WORK TO COMPLETE -
Where the records below reach the line containing "本次培训于11月17日在立言", start transcribing, and end with the line containing "Storczyk dwupędowy w", exactly and with nothing else added.
DATA FOR ANALYSIS section start
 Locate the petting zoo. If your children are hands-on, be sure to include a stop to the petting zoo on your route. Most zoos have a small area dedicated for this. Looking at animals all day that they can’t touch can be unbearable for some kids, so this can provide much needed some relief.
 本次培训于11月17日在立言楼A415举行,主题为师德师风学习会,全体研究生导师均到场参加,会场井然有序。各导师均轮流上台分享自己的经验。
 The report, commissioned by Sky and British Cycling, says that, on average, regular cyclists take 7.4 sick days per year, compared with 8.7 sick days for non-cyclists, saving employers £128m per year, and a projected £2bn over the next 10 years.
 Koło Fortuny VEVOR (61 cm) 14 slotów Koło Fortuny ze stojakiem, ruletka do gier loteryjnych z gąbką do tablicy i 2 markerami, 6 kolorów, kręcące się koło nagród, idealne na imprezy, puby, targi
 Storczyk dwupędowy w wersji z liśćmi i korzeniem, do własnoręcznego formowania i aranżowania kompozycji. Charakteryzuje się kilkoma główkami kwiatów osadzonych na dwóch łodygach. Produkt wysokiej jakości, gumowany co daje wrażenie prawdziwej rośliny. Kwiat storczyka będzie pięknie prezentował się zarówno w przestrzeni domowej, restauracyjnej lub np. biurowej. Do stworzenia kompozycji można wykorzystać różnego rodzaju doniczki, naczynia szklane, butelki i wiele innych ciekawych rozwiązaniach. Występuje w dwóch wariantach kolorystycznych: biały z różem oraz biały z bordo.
DATA FOR ANALYSIS section end
DATA FOR ANALYSIS section start
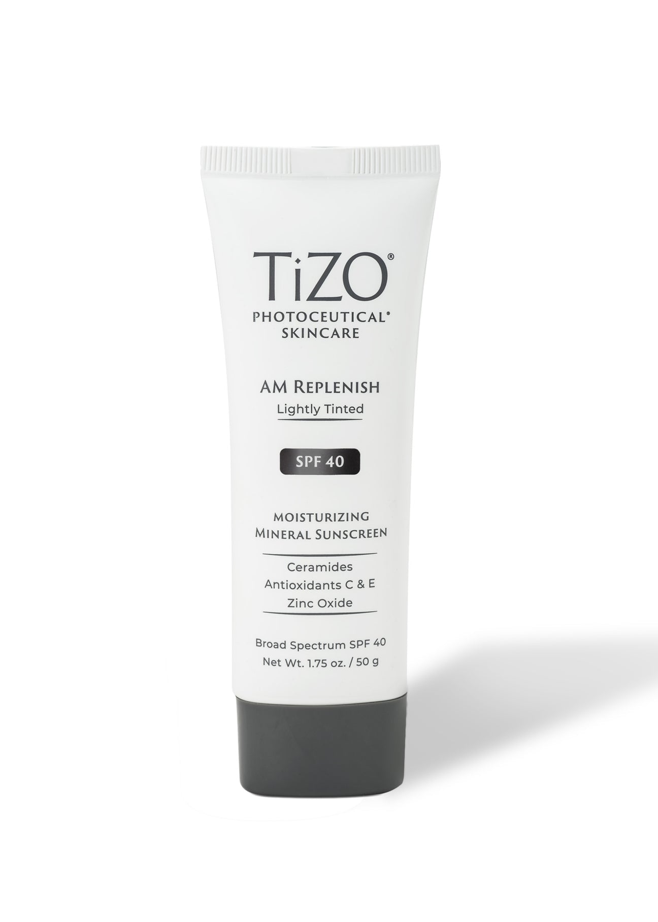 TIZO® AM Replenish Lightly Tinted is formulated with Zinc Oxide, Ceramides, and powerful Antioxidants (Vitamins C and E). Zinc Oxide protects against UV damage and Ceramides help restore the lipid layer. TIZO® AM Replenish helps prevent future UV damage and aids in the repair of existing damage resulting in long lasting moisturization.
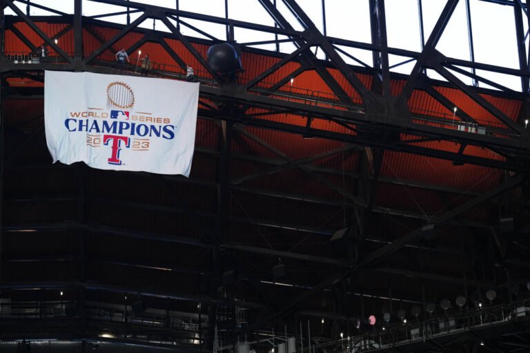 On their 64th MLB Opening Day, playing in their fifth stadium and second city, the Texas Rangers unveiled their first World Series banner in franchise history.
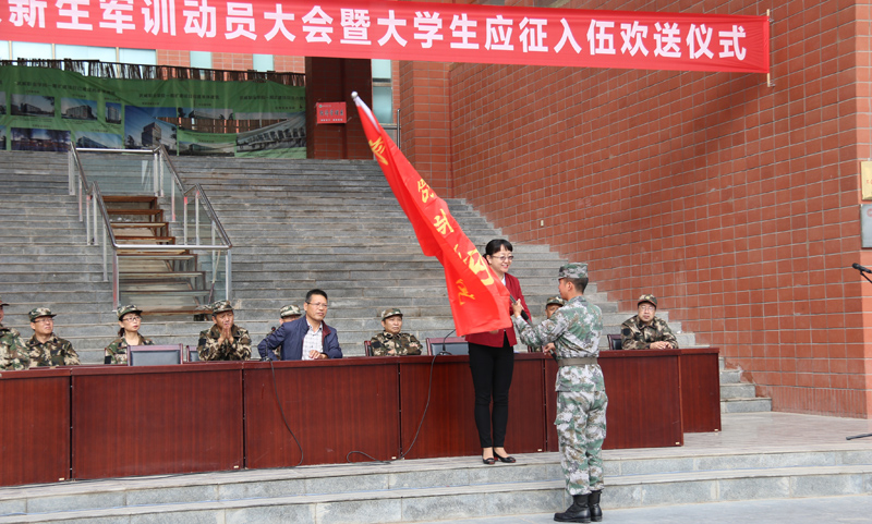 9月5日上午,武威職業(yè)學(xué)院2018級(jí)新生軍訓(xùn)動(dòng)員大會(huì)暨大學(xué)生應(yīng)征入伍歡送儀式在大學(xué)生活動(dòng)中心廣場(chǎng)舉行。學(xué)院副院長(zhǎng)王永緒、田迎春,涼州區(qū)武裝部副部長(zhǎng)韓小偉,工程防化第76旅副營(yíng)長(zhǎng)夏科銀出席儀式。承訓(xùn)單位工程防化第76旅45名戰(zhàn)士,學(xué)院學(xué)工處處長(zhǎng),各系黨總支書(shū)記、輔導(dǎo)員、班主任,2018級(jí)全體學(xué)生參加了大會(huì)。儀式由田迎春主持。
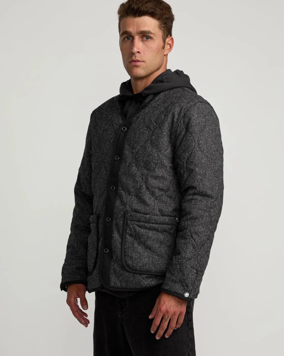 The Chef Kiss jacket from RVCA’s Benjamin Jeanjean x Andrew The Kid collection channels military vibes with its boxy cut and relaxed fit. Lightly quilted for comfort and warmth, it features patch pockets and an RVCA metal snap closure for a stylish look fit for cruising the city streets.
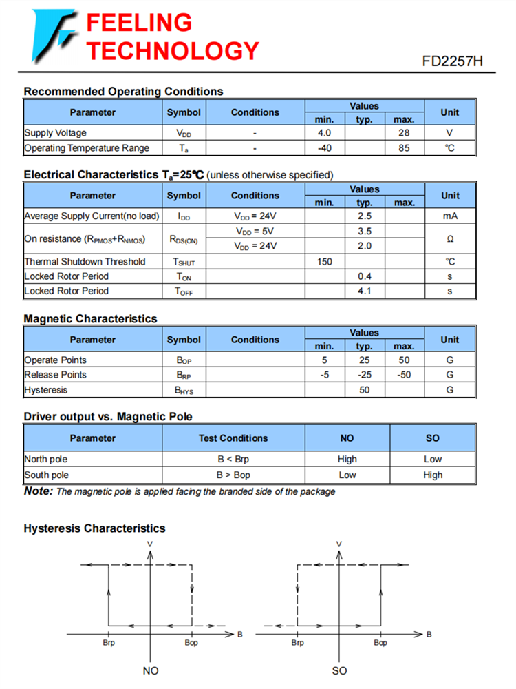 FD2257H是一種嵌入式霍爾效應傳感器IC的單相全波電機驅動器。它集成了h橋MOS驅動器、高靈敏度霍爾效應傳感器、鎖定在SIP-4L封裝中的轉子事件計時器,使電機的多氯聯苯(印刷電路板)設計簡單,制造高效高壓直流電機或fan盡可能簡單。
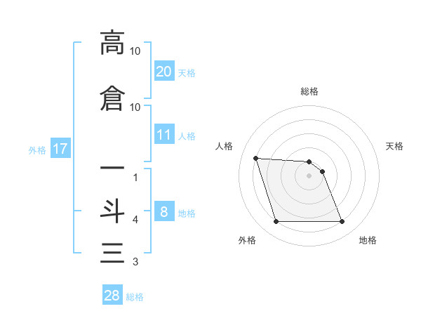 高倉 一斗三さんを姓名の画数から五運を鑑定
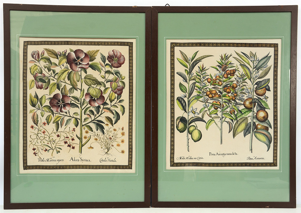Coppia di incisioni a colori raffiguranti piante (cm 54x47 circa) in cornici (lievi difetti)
DATA FOR ANALYSIS section end
ANSWER TO THE EXERCISE -
 本次培训于11月17日在立言楼A415举行,主题为师德师风学习会,全体研究生导师均到场参加,会场井然有序。各导师均轮流上台分享自己的经验。
 The report, commissioned by Sky and British Cycling, says that, on average, regular cyclists take 7.4 sick days per year, compared with 8.7 sick days for non-cyclists, saving employers £128m per year, and a projected £2bn over the next 10 years.
 Koło Fortuny VEVOR (61 cm) 14 slotów Koło Fortuny ze stojakiem, ruletka do gier loteryjnych z gąbką do tablicy i 2 markerami, 6 kolorów, kręcące się koło nagród, idealne na imprezy, puby, targi
 Storczyk dwupędowy w wersji z liśćmi i korzeniem, do własnoręcznego formowania i aranżowania kompozycji. Charakteryzuje się kilkoma główkami kwiatów osadzonych na dwóch łodygach. Produkt wysokiej jakości, gumowany co daje wrażenie prawdziwej rośliny. Kwiat storczyka będzie pięknie prezentował się zarówno w przestrzeni domowej, restauracyjnej lub np. biurowej. Do stworzenia kompozycji można wykorzystać różnego rodzaju doniczki, naczynia szklane, butelki i wiele innych ciekawych rozwiązaniach. Występuje w dwóch wariantach kolorystycznych: biały z różem oraz biały z bordo.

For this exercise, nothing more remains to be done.